Nancy Palk (born 1956) is a Canadian actress, most noted as one of the founding members of the Soulpepper theatre company.

Originally from Winnipeg, Manitoba, Palk studied English at Queen's University, later studying at the National Theatre School of Canada in their Acting program. She has spent her career as an actress based in Toronto, Ontario.

She has been a six-time Dora Mavor Moore Award nominee for Best Lead Actress, General Theatre, receiving nods in 1988 for I Am Yours, in 1994 for Dancing at Lughnasa, in 1996 for The Glorious 12th, in 1998 for Molly Sweeney, in 1999 for Don Carlos, and in 2014 for Angels in America.

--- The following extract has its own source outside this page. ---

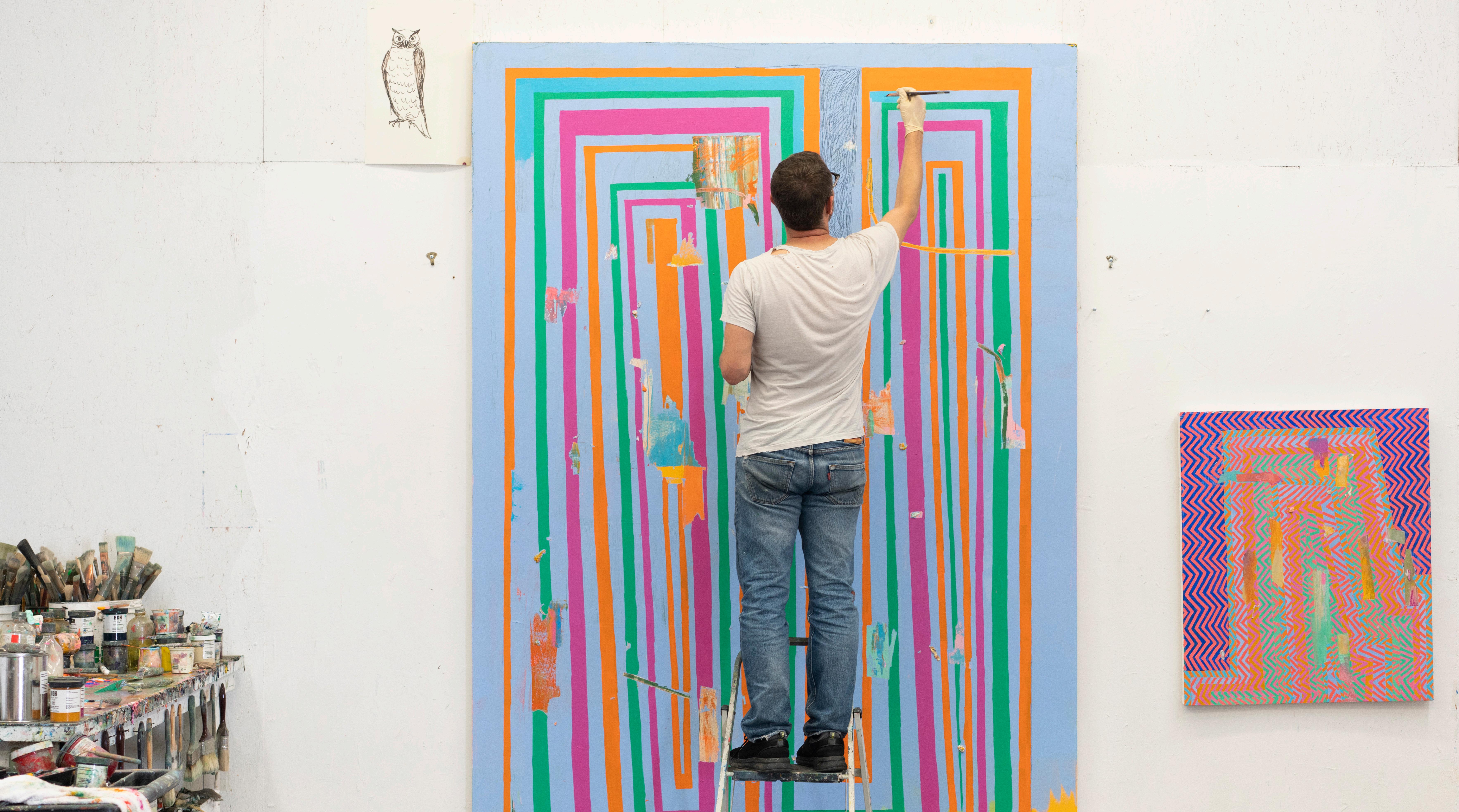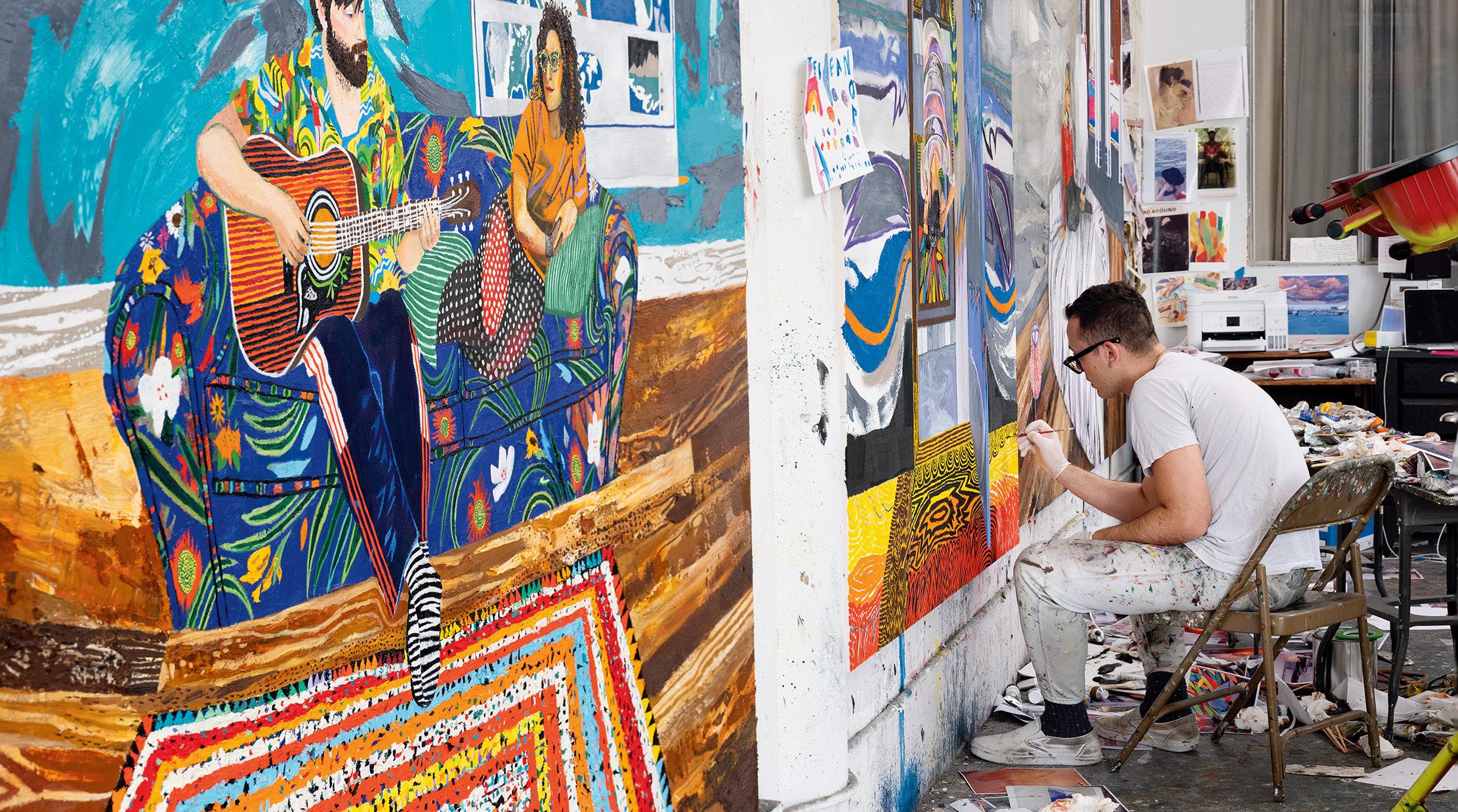 “Kalenderian has turned his instinctive admiration into a methodology. He mainly depicts his own widening circle of friends—a self-reinforcing dynamic, as he has been known to choose his subjects just because he wants to get to know them better. With supreme care and affection, he paints their paintings within his own, in miniature, a process he likens to a musician covering a song. ‘My friends are like celebrities to me,’ he says, and you feel that in his pictures. They are exciting because he is excited when he paints them. ‘I think of portraiture as an opportunity to show love.’”

In 2020 she received a nomination in the Best Leading Performer, General Theatre category for August: Osage County.

She has also had film and television roles, most notably a recurring role as Betsy in the television series Rogue, and a major role in the 2018 film Catch and Release. However, she has noted in interviews that as a woman who is almost six feet tall, she has often been passed over by film and television casting directors.

She was married to actor Joseph Ziegler until his death in 2025. They acted together in several shows including Death of a Salesman, Long Day's Journey Into Night and A Tender Thing, a play by Ben Power which reimagines William Shakespeare's Romeo and Juliet as an elderly couple confronting mortality.

Her first cousin is Alix Palk, mother of comic actor Will Arnett.